Now don’t get me wrong, I’m not getting at people who advocate for stability. We’ve all been there: organisation X is dying under its own weight because it has 225 dashboards being held up by an ex-employee’s Entra ID running on a laptop that’s now kept in the server room to avoid people unplugging it. In many cases there’s a reason to advocate heavily for a good tech stack, and often it’s critical to the long-term survival of the data function, but the bit I struggle with is the ideological view that 95% of the needs of most organisations aren’t met by five or ten different tech stacks.

“Databricks is on the way out!”

“Snowflake is expensive!”

“What even is Synapse?!”

In too many cases, people are quick to point to the perceived failures of other systems, rather than learn the ins-and-outs of that system and where it might add value. I’ve said for years – I think Synapse is a sneaky great candidate for cost-efficiency for small data functions. Finance, or HR, or Project Management teams just looking to get the numbers straightened out. Almost always under 10m records in the fact tables – it’s a dream. You run a spark pool batch job for 30 minutes overnight and then you live on the serverless pool, which is as cheap as it gets for importing data. It plays perfectly with Azure. It works almost natively with the wider Microsoft ecosystem (like Business Applications).

Yet, the excitement that takes over the masses when they explode into action over a perceived “lesser” tool is palpable. Hundreds of online figures of influence offering their positions on Power BI vs Tableau, Python vs R (an old classic), Databricks vs Snowflake – the battles are endless. And it doesn’t end there!

When we’re done arguing about tooling, we’ll get started on architectures. ELT vs ETL – wait a minute both of those are dumb, medallion architecture is king. Wait a minute, medallion architecture is exactly the same thing!

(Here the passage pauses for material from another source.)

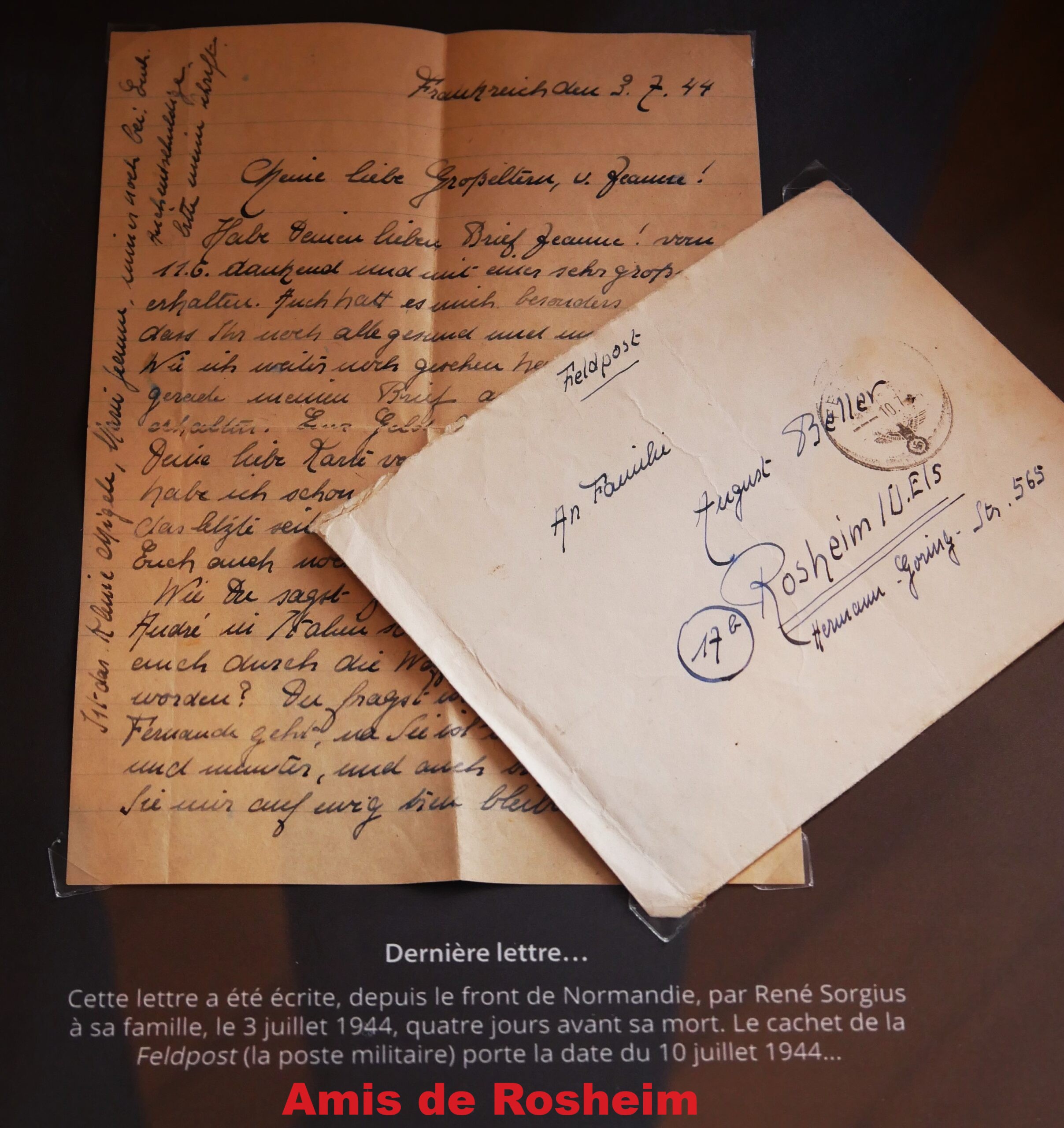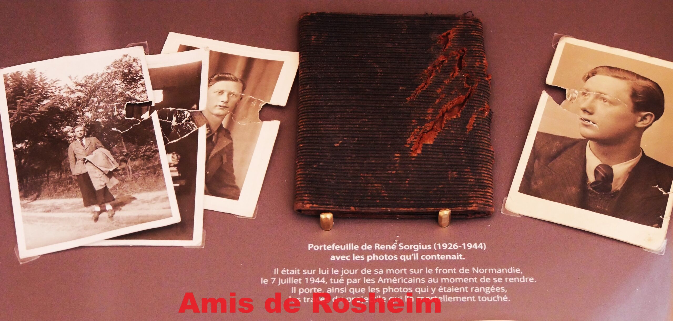 3 – Le portefeuille, seul reste du destin tragique de René SORGIUS (17 février 1926 – 7 juillet 1944). Comme la moitié de ses camarades de la classe 1926, René est incorporé d’office dans la Waffen SS en février 1944, puis se retrouve en Normandie où la bataille fait rage aux lendemain du débarquement du 6 juin 1944. Souhaitant, dès son arrivée au front, se rendre pour mettre fin à son calvaire, René Sorgius ainsi que plusieurs de ses camarades alsaciens décident, le 7 juillet 1944, de ne pas obéir à un ordre de repli afin d’attendre l’arrivée des Américains. Malheureusement, ils sont tués par ces derniers.

And still, this all comes in spite of the fact that you’ll be able to achieve 95% of organisational use cases, more or less straight away, with just about any of the above.

I blame FAANG

The constant obsession that we have the same problems as the chosen few is just nonsense. Some people may be reading this and thinking, uh, well, yeah, we have much, much more data than they do – and sure, I believe you – but I do not think that is the norm. In most cases, people are working with datasets that are simple and fundamental to every organisation – finance, HR, sales, etc – and they’re struggling with it, too! Data professionals are fed a steady dose of “Ex-Google” employees offering keynote speeches at data events (many of which are excellent). While these are interesting, and a lot of the content offers food for thought in the abstract, it often deals with technological questions that are so far different from the issues of most data people:

  1. Does the data model meet the reporting need?
  2. Is the pipeline productionised?
  3. Can we get this report shared with the business?
  4. How do we know the numbers are right?

Very little in the operational delivery of positive answers to those questions has anything to do with the tech stack. In fact, it’s almost always the people involved getting things over the line. Great project management, great people management, great stakeholder management. These are the things that deliver great products, great projects and great relationships with organisations.

So, the ask is simple...

Next time you want to roast somebody’s idea of a good tech stack – stop. Think about whether it matters and get back to the task in hand. Data has to deliver value, or it ceases to be something worth investing in – and I’d bet if you’re not doing that, it’s probably less about the technical nuances, and more about the delivery.